How does C3Q pipeline works?

The C3Q pipeline performs the gene prediction using RNA-Seq alignment (.bam) and genome (.fna/.fa) files. The addition of a protein file of sequences from close species (.faa/.fa) is optional but recomended.
The pipeline works as described below:

The Cufflinks transcripts assembly (input: bam files from reads mapping - subsampled¹)
The Cuffmerge combination of the assembled transcripts (input: the Cufflinks generated GTFs)
The The CodingQuarry gene training and prediction with the merged assembled transcripts file (GFF) and the genome file (input: the Cuffmerge combined GFF file and the genome)
The filtering of small dubious sequences (spliced sequences up to 150 nt, intronless sequences up to 300 nt) (input: the CodingQuarry gene prediction file)
The HTSeq-count of reads for the predicted sequences and the filtering of genome-predicted sequences without reads (The filtered CodingQuarry gene prediction file and the mapped BAM files)
The filtering of alternative sequences from multitranscripts loci (selection of the best gene model) (input: the full filtered CodingQuarry gene prediction file)
The recover of deleted and non-predicted loci with Exonerate mapping of orthologous genes (input: the multifiltered CodingQuarry gene prediction file and the fasta file of protein sequences from related species)

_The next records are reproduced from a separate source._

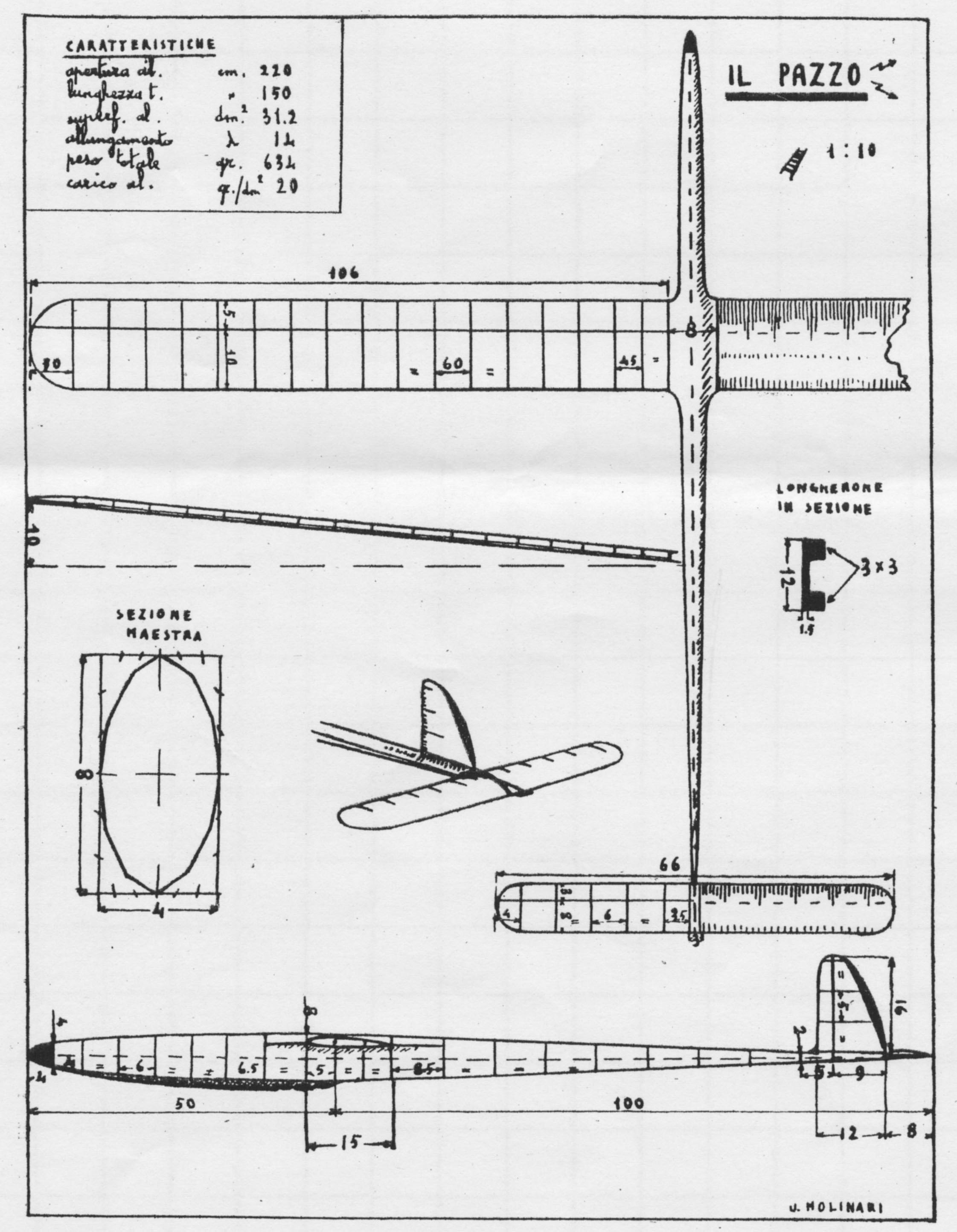 "Il Pazzo" aliante di Umberto Molinari, dal numero 7 del 1944 de "L'Aquilone"
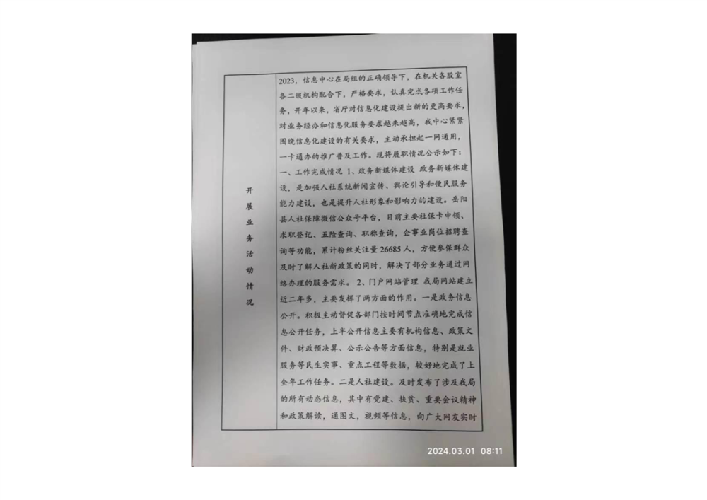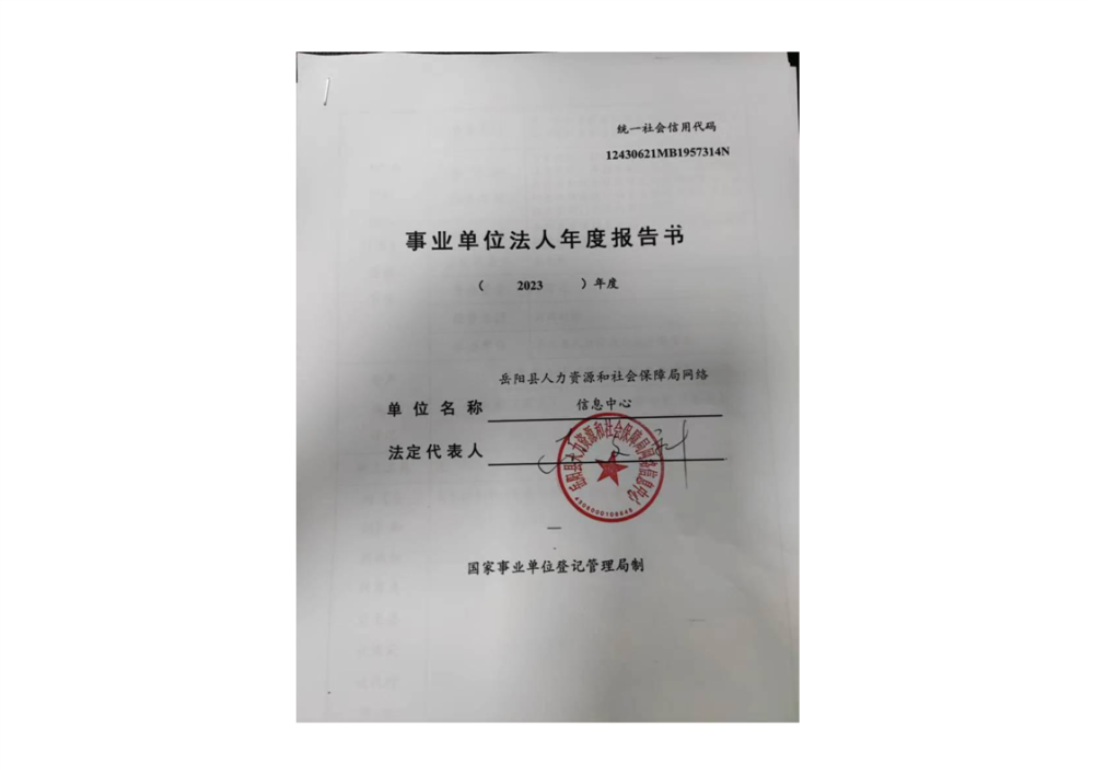 岳阳县人力资源和社会保障局信息网络中心2023年度报告书
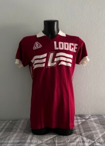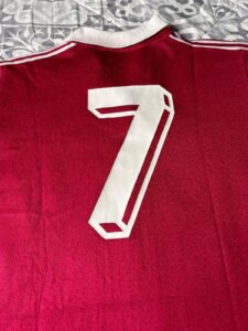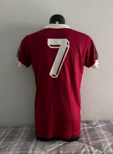 Si tratta di una maglia molto rara, a manica corta, di colore amaranto con colletto superiore e polsini bianchi in un tessuto acrilico leggero. Sulle spalle e fino al bordo manica troviamo delle strisce bianche che ricordano molto le maglie di produzione Adidas.
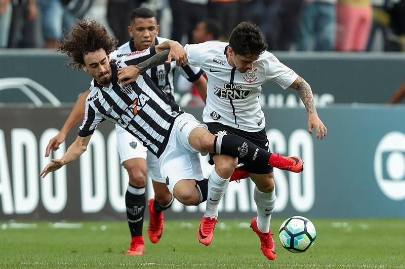 El Corinthians, ya campeón, se despidió de su afición con un empate a dos en casa ante el Atlético Mineiro, que mantiene una remota esperanza de entrar en la Libertadores en la última jornada.
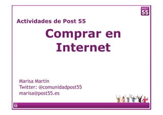 Este documento proporciona una guía sobre cómo realizar compras en Internet de forma segura. Explica las características de la sociedad digital y el crecimiento del comercio electrónico. Luego describe los tipos de sitios web de compra online como tiendas, outlet, compras grupales y segunda mano. Finalmente, ofrece consejos sobre cómo evaluar un sitio web, producto, precio y realizar la transacción de forma segura.
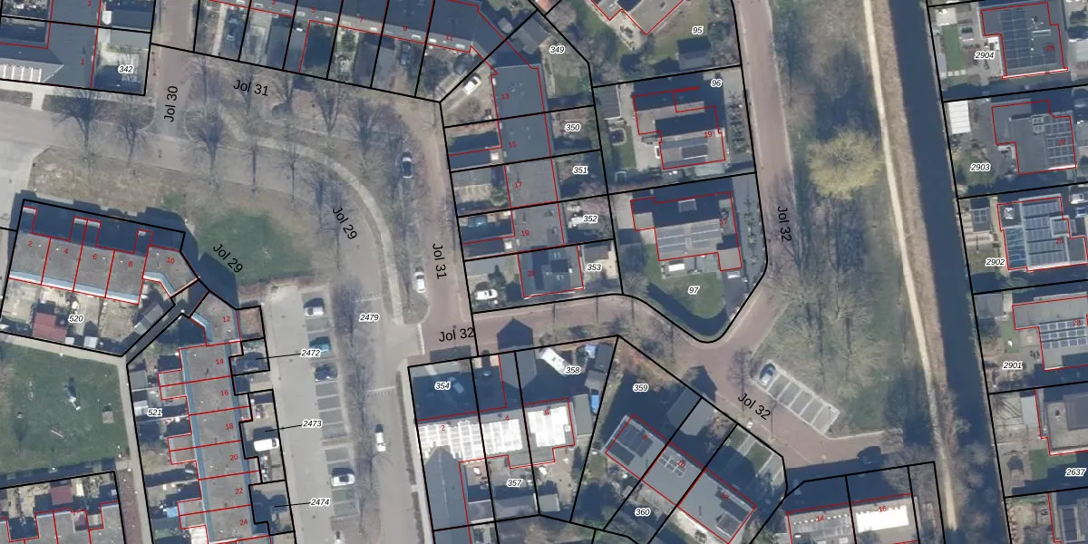 Gebruik de zoekbalk of klik op een perceel voor informatie over de adressen binnen dit perceel.

¹In the paper we show that subsampled BAM alignments generate better results than the large whole files in the Cufflinks transcripts assembly. For our organism models, the optimal subsampled library size was of 7.5 million reads for each RNA-Seq replicate, but the optimal size may differ for other organisms. If you want to subsample your bam files before using the pipeline, see https://broadinstitute.github.io/picard/ for DownsampleSam tool installation and usage. Keep in mind that DownsampleSam subsamples libraries based on a probability, so the probability value required to generate a 7.5 million reads subsampling will depend on your original library size.

What does C3Q requires?

The C3Q pipeline was tested in Linux systems x64. Therefore, we do not guarantee it will work in other operational systems.

The C3Q pipeline is built on Python and depends on Cufflinks suite (cufflinks, cuffmerge and gffread), gffcompare, HTseq-count and Exonerate.
The tested versions of the dependencies and their repositories are listed bellow:

In the exception of Exonerate², all the dependencies are available in Bioconda channel for Conda-based installation.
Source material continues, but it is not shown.